Thank you DeeAnna, that is exactly why I've asked, I know that the last thing that acne skin need is to being dried and irritated. That is why I wanted to know if the PT soap is drying by definition. My recipes are very mild, low cleansing and quite high in conditioning - all around 59-61. 

I also thought that, as some people reporting theirs skin to peel off on the beginning of treatment with the PT, but that mostly apply to rosacea treatment with PT soap. Did anyone noticed that?

I'm so excited to make such soap!!!!  I think I will go for lavender scent, or lavender and mint, or no scent at all - I need to check how the PT smells of its own


----------



## DeeAnna

"...I also thought that, as some people reporting theirs skin to peel off on the beginning of treatment with the PT, but that mostly apply to rosacea treatment with PT soap. Did anyone noticed that?..."

I have never heard about that, nor have I personally experienced this. A soap with a high cleansing value might be the culprit more than the PT. But I don't know everything there is to know about PT, so maybe it has that effect for some people. 

"...I think I will go for lavender scent, or lavender and mint, or no scent at all - I need to check how the PT smells of its own..."

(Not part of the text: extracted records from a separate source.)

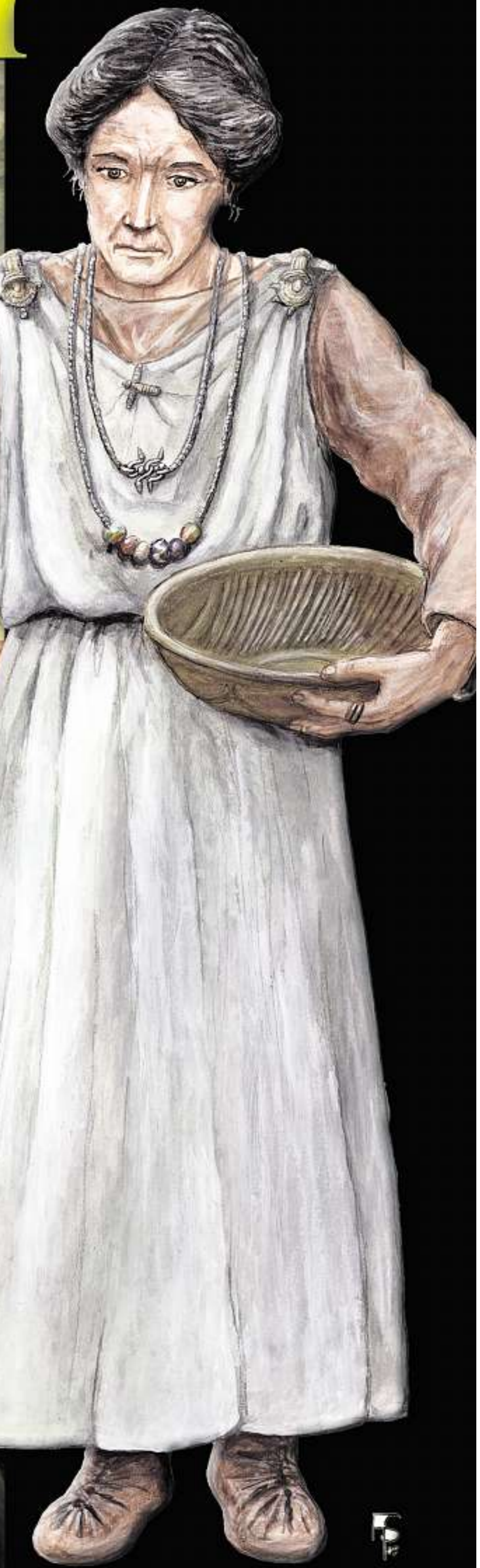
EINGEWANDERT: Das reichste bekannte Thüringer Frauengrab aus dem späten 2. Jahrhundert stammt aus Altengottern (Unstrut-Hainich-Kreis) und wurde 2003 entdeckt. Die zugewanderte Langobardin wurde verbrannt und mit Beigaben in einem Bronzebecken beigesetzt. Die Rekonstruktion von F. Spangenberg ist bis 11. Januar in der Ausstellung „Die Langobarden. Das Ende der Völkerwanderung“ im LVR-Landesmuseum Bonn zu sehen.

Von wem stammen wir ab? Die Wurzeln der heutigen Thüringer lassen sich bis vor die Zeitenwende zurückverfolgen. Unsere dreiteilige Serie geht ihnen nach und beleuchtet die Entwicklung Thüringens von der Germanenzeit bis ins Mittelalter.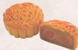
双黄莲蓉月饼 Double Yolk Lotus Mooncake

正宗经典莲蓉，配顶级咸蛋黄，百分百均选用上等湘莲，月饼烤到完美的金黄色，更显现出经典莲蓉的珍贵。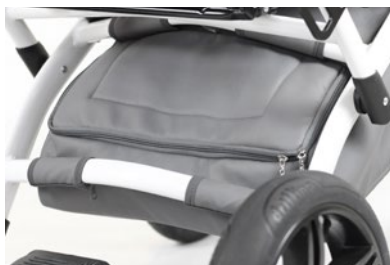
Bolsa bajo el asiento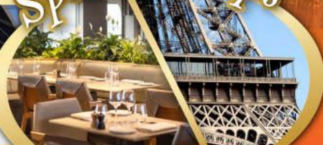
รับประทานอาหารกลางวัน บนหอไอเฟล

ไฮไลท์ในโปรแกรม • สะพานไมชาเปเล ลูเซิร์น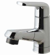
マルチシングルレバーシャワー (メタルタイプ)(エコカチットあり) ※シャワーヘッドは引き出せます。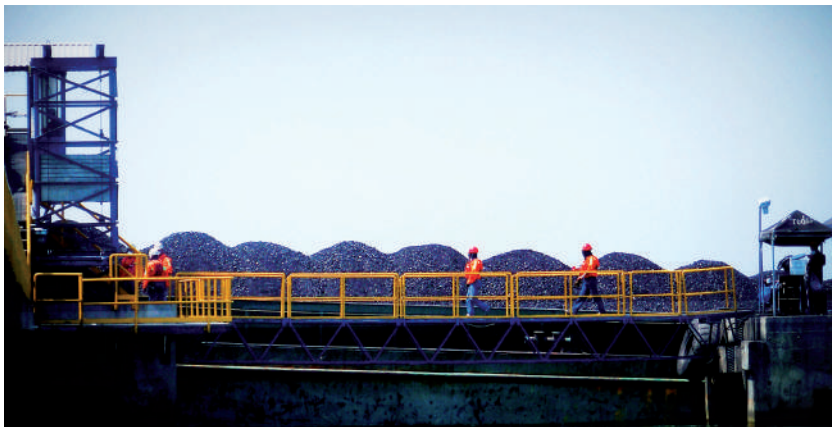
Foto: Barcaza de carbón. Foto tomada por Laura Chaves, octubre de 2009.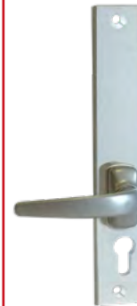
Tournicotti Béquille sortie libre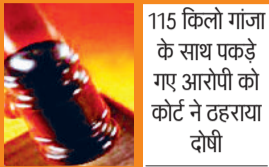
115 किलो गांजा के साथ पकड़े गए आरोपी को कोर्ट ने उहाराया दोषी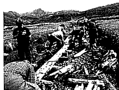
昨年度のイベント風景

いただいた寄附金は、木道の腐食のひどい箇所を重点として必要な資材の購入とイベント実施費用に活用します。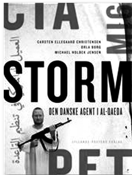
Carsten Ellegaard Christensen, Orla Borg, Michael Holbæk Jensen: STORM. Den danske agent i al-Qaeda. Jyllands-Postens Forlag. 287 sider. 250 kr.

Mørklægningen af statens aktiviteter vedrørende statens sikkerhed og antiterrorisme i Danmark er usædvanlig omfattende i forhold til andre demokratiske stater som f.eks. de øvrige skandinaviske lande samt Tyskland, England og USA. Man må i høj grad undres over, hvorfor den danske central-administration skal være så overdreven hemmelig,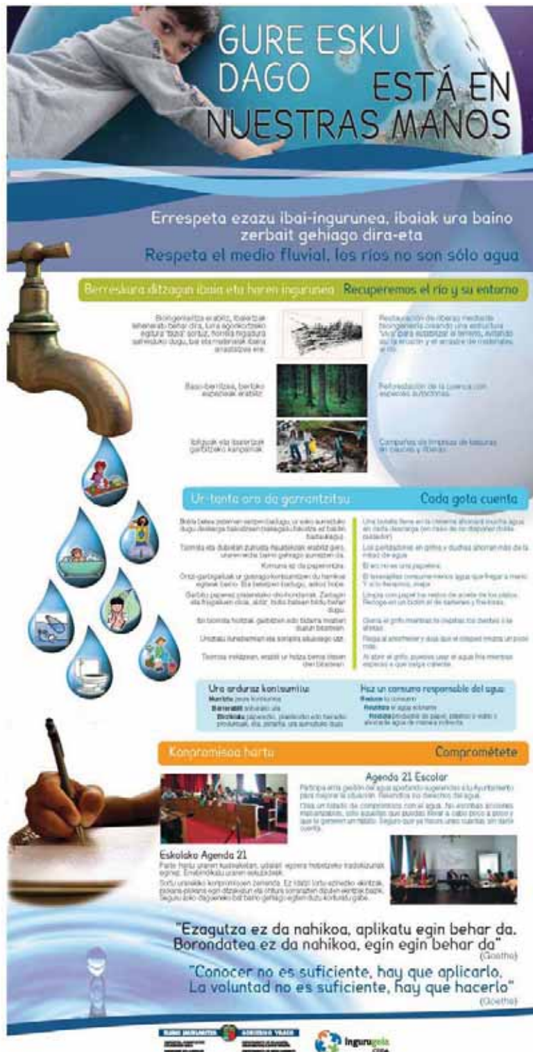
Este panel plantea soluciones para mejorar el daño causado en los ecosistemas fluviales.

If you've never smelled pine tar, then be aware it has the strong odor of burnt rubber or very smoky campfire, depending on the brand and your nose. Added scent needs to play well with that kind of distinct, strong aroma.

That said, if you're making this soap specifically for troubled skin, it may be best to stick with just the PT. Consider the soap to be a medicinal product and choose your ingredients accordingly. Any additives should provide therapeutic benefits that aid the PT to do its job, not just added for the sake of adding them.

It may just be me, but I don't think I'd care for mint in a soap intended for washing the irritated, delicate skin of my face.


----------



## dixiedragon

My pine tar soap is also no more drying than my regular soap. I use the same base recipe.

I like to add lavender EO to my pine tar soap. It doesn't cover the scent, but it works well with it and softens it just a little. And lavender EO is also good for skin problems. I have also used lavender, tea tree EO and patchouli together.


----------



## Twiggy

DeeAnna said:


> "...I also thought that, as some people reporting theirs skin to peel off on the beginning of treatment with the PT, but that mostly apply to rosacea treatment with PT soap. Did anyone noticed that?..."
> 
> I have never heard about that, nor have I personally experienced this. A soap with a high cleansing value might be the culprit more than the PT. But I don't know everything there is to know about PT, so maybe it has that effect for some people.
> 
> "...I think I will go for lavender scent, or lavender and mint, or no scent at all - I need to check how the PT smells of its own..."
> 
> If you've never smelled pine tar, then be aware it has the strong odor of burnt rubber or very smoky campfire, depending on the brand and your nose. Added scent needs to play well with that kind of distinct, strong aroma.
> 
> That said, if you're making this soap specifically for troubled skin, it may be best to stick with just the PT. Consider the soap to be a medicinal product and choose your ingredients accordingly. Any additives should provide therapeutic benefits that aid the PT to do its job, not just added for the sake of adding them.
> 
> It may just be me, but I don't think I'd care for mint in a soap intended for washing the irritated, delicate skin of my face.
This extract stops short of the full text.